Kiev’s battlefield death toll is much lower than the 80,000 reported by the Wall Street Journal, the country’s leader has said
Ukrainian losses in the conflict with Russia are far below the 80,000 reported by the Wall Street Journal, Vladimir Zelensky has claimed. According to some estimates, however, Kiev’s overall losses are approaching one million soldiers.
Asked in an interview with Kyodo News released by Zelensky’s office on Monday how many people Kiev had lost in the hostilities, the Ukrainian leader declined to give exact figures.
“I apologize, but I cannot share these numbers. Someone recently, I believe that was the US media, reported that 80,000 Ukrainians have died. I want to say that the actual number is much lower,” Zelensky claimed, without providing details on the number of wounded.
He went on to say, however, that “to be completely truthful, we don’t really know how many have died in the temporarily occupied territories,” referring to Crimea, Donetsk, Lugansk, Kherson and Zapororzhye Regions, which overwhelmingly voted to join Russia in referendums. “I’m talking only about documented military losses on the territories we control,” he said.
The figure of 80,000 Ukrainian troops killed in action was reported by the Wall Street Journal in mid-September. The outlet also reported, citing a confidential Ukrainian estimate, that the number of injured service members had reached 400,000.
The last time Zelensky released an official estimate of Ukrainian losses was in February, when he claimed that 31,000 soldiers had died in the conflict. The US media cast doubt on this figure, suggesting that Zelensky was downplaying the numbers to avoid sabotaging the already-struggling mobilization campaign. At the time, Russian Foreign Ministry spokeswoman Maria Zakharova accused Zelensky of “lying” and downplaying the numbers by orders of magnitude, a fact she said was not lost on Ukrainian society.
In mid-November, TASS, citing its own analysis, put Ukraine’s losses at around 906,500 service members killed and wounded since the escalation of the conflict in February 2022. In June, Russian President Vladimir Putin said that Kiev was losing around 50,000 troops a month.

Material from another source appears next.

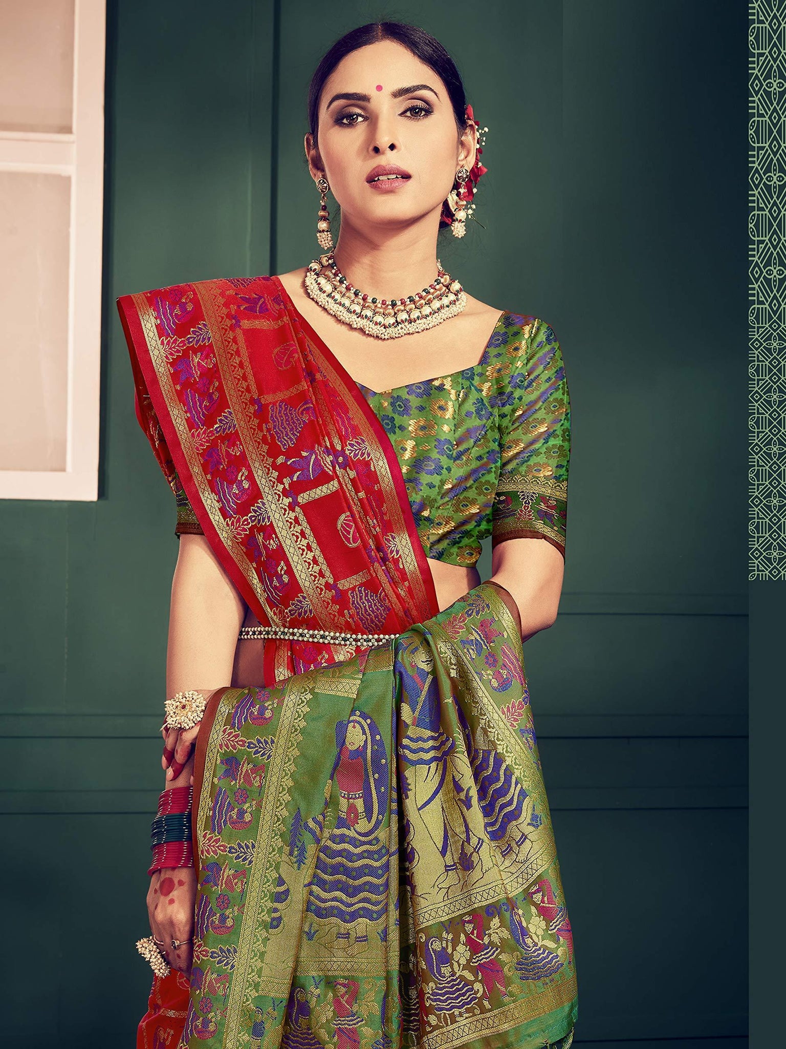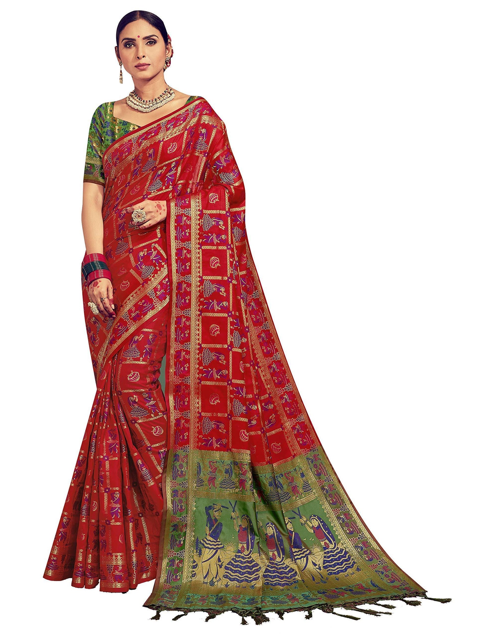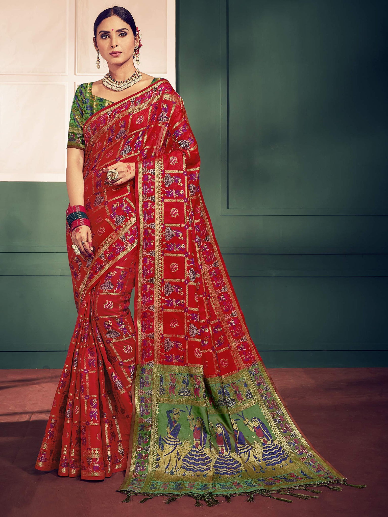 - Saree Color: Red | Blouse Color: Green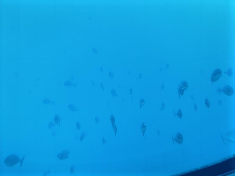 感觉船开了好久,一名工作人员指着不远处的海面说了什么,我就定睛看着,不一会儿,海面泛起白浪,忽然一艘观光潜艇跃出海面,引起人们呼声。两船停靠一起后,大家依次顺着楼梯进入船舱(楼梯是垂直的)。舱内有两排座椅是背靠背的,游客坐下后面对着舷窗。每个人面前都刚好有一扇透明舷窗,可观赏海底世界。游览时间大约1小时30分钟(潜艇45分钟)。

Russian Defense Minister Andrey Belousov suggested last month that the Russian army had “ground down” the best units of the Ukrainian army, crippling its military efforts for 2025. His comments come as numerous Ukrainian commanders complain of manpower shortages, raw and reluctant recruits, and a general decline in morale and extreme exhaustion due to inadequate rotation schedules.